Israeli Privacy Protection Authority Publishes New Statement Concerning Location Data in Workplaces

There has been an uptrend in recent years of employers using a variety of technological tools to supervise their employees and oversee the quality of their work. The use of these tools has become more prevalent due to the shift of many organizations to working from home last year.

For the most part, the use of monitoring systems occurs in instances when keeping track of employees’ work hours is nearly impossible due to the nature of their roles. These include drivers, delivery persons, and sales agents, who do not have a permanent physical workplace. Employers can monitor employees using designated applications they may ask employees to install in their personal cellphones or in phones they provide. Employees’ locations can also be tracked using GPS systems installed in vehicles used by employees that belong to the employer.

As a result of the many queries submitted to the Israeli Privacy Protection Authority on the subject, the PPA has published a draft statement for public comment. The statement presents the ethical and legal dilemmas involved in employers’ use of technologies to collect data on their employees’ location, and attempts to set standards for employers’ use of such technologies.

Main points of PPA statement:

  1. Employers seeking to use a GPS system to track their employees’ locations must act in compliance with the provisions and purpose of the Privacy Protection Law and exercise judgment and proportionality when deciding to use such a system. Firstly, employers must properly weigh the benefit derived from using such a system against the damage to and infringement of employees’ right to privacy during work.
    Thus, the use of such location monitoring systems should only occur when there is no other alternative for achieving the purpose of the data collection.
  1. According to the principle of proportionality, employers may use GPS systems only when the data collection is happening for a legitimate reason vital to the workplace.
  2. Employers seeking to use technologies that collect location data must first consider whether the type of work and the nature of the employee’s role justify tracking the employee’s location data. If at issue is an employee who performs work primarily in a standard office environment, then the employer will have a hard time showing a legitimate reason that justifies tracking that employee’s location data.

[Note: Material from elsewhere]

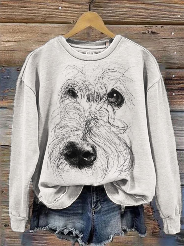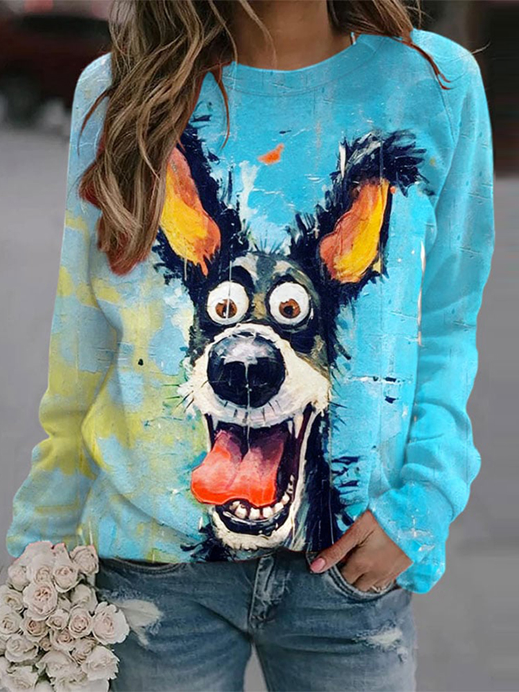Art Dog Print Long Sleeve Casual Sweatshirt

If employers fulfill these criteria and have a legitimate and vital reason for collecting employees’ location data, as well as meet the above requirements of proportionality, employers must then comply with the following conditions:

  • Employers may not make any use of the information that deviates from the principal reason for its collection.
  • Employers must be completely transparent with their employees. Before starting to collect data, they must inform employees in a clear, detailed, and unambiguous manner about the  volume of use of location data, the purposes for collecting the data, the hours during which such data will be collected, how long this data will be retained, and which functionaries will be authorized to view the data.
  • Employers must obtain the express, specific, and individual consent of each of their employees to the collection of location data.
  • Employers should refrain from collecting employees’ location data after their actual work hours, both from designated applications in cellphones and from GPS systems installed in vehicles that employers allow their employees to use after work. This is due to the concern information will be collected about employees’ families.
  • Finally, employers must comply with the data security requirements for the data they collect, as specified in the Privacy Protection (Data Security) Regulations.

Conclusions:

In some sense, the PPA’s statement lags behind the current situation at many employers and the Israeli labor courts’ extensive rulings. Nevertheless, the statement reiterates the need for separation between employees’ personal activities and work-related activities. It focuses on the question of defining “work time” and “personal time” and the extent to which separating the two can be achieved at this time. In addition to the legal aspects of the PPA’s statement, its implementation can help employers manage their labor relations in a way that does not infringe upon their employees’ personal time.

This draft statement reiterates and emphasizes the fact that there are many aspects of labor relations subject to privacy protection laws. Employers must be prepared to comply with both privacy protection laws and the various labor laws.

DISCLAIMER: Because of the generality of this update, the information provided herein may not be applicable in all situations and should not be acted upon without specific legal advice based on particular situations.